Oui, voilà. Je l’ai trouvé très sympa. Pareil pour Eric Charden. Je l’ai rencontré pendant une émission à France Inter : on a discuté du bouddhisme et je l’ai trouvé super intelligent alors que ce qu’il chante, les vaches de Normandie et tout ça, pas du tout. Je me suis toujours demandé comment des gens intelligents, éveillés, pouvaient chanter des choses pareilles. J’ai toujours eu cette chance, parce que j’étais auteur-compositeur, de n’interpréter que des chansons qui me ressemblaient sans qu’on m’impose quoi que ce soit. J’étais aussi beaucoup plus détachée, dès le départ. J’avais déjà commencé des études de médecine puis de psycho quand on m’a proposé un rôle dans l’adaptation française d’une comédie musicale, The Rocky Horror Picture Show. C’est là que j’ai rencontré un guitariste, qui s’appelait Lucas Martinez et qui m’a dit : « Tiens, t’as une voix sympa : on devrait enregistrer une chanson. » J’ai accepté uniquement parce que ça me semblait amusant d’aller faire un tour en studio. Devenir chanteuse, ce n’était pas mon rêve d’enfant. Je ne connaissais rien à ce monde. Quand j’étais adolescente, on n’avait même pas la télé.
Tu évoques justement dans Murmures, le « mur de Berlin de l’adolescence ». Est-ce que, au-delà de l’opportunité saisie, il y avait quelque chose d’émancipateur dans le fait de chanter ?
Sans doute. Disons que je faisais très souvent le mur quand j’étais adolescente. J’étais une adepte assidue du délit de fuite. J’étais interne et je détestais l’enfermement. Je faisais donc le mur pour aller rencontrer le pion qui, lui, habitait à l’extérieur du lycée et qui avait une vieille jaguar. On faisait le tour de la campagne et on buvait du blanc-cass. Ça me plaisait beaucoup ces instants de liberté. Et puis je refaisais le mur dans l’autre sens pour me recoucher dans le dortoir des filles, comme si de rien n’était. (Rire.)

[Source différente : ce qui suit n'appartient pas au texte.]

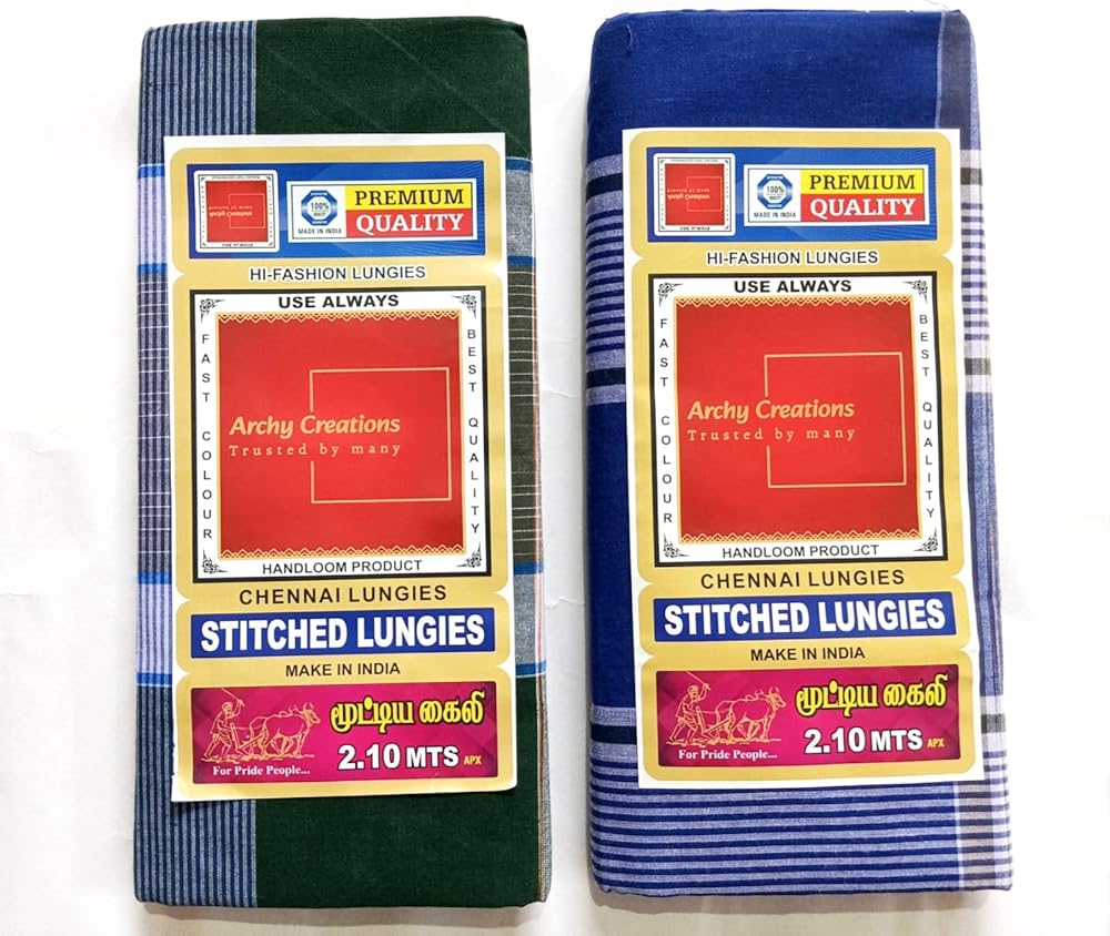 DIMENSIONS: Each lungi measures 2.10 meters (approximately 82.7 inches) in length, perfect for comfortable daily wear

Dans ce paysage musical des années 1980, il y avait très peu de femmes auteures-interprètes. Est-ce que tu avais tout de même des modèles, ou au moins de références sur lesquelles tu pouvais t’appuyer ?
J’ai eu un gros coup de cœur pour Véronique Sanson, quand j’étais adolescente : c’était une femme qui jouait super bien du piano, qui interprétait ses propres compositions. J’ai aussi découvert Françoise Hardy, notamment cette chanson qu’elle n’a pas écrite mais que je trouvais magnifique qui s’appelle L’Amitié (1963). Voilà : côté français, il y avait ces deux modèles et c’est à peu près tout. Côté anglo-saxon, j’étais fascinée par Nico ou Marianne Faithfull.
Sans jamais être tentée d’adopter leur style de vie pour acquérir davantage de crédibilité dans le monde du rock ?
Non, vraiment. Je n’ai jamais adhéré à l’idée selon laquelle il faut se détruire pour faire du rock. Je suis quelqu’un d’assez sensible, plutôt hypocondriaque : je n’aurai jamais pu prendre des substances fortes. Je me serai retrouvée directement aux urgences. Je grimpe déjà aux rideaux avec une vitamine C. (Rires.)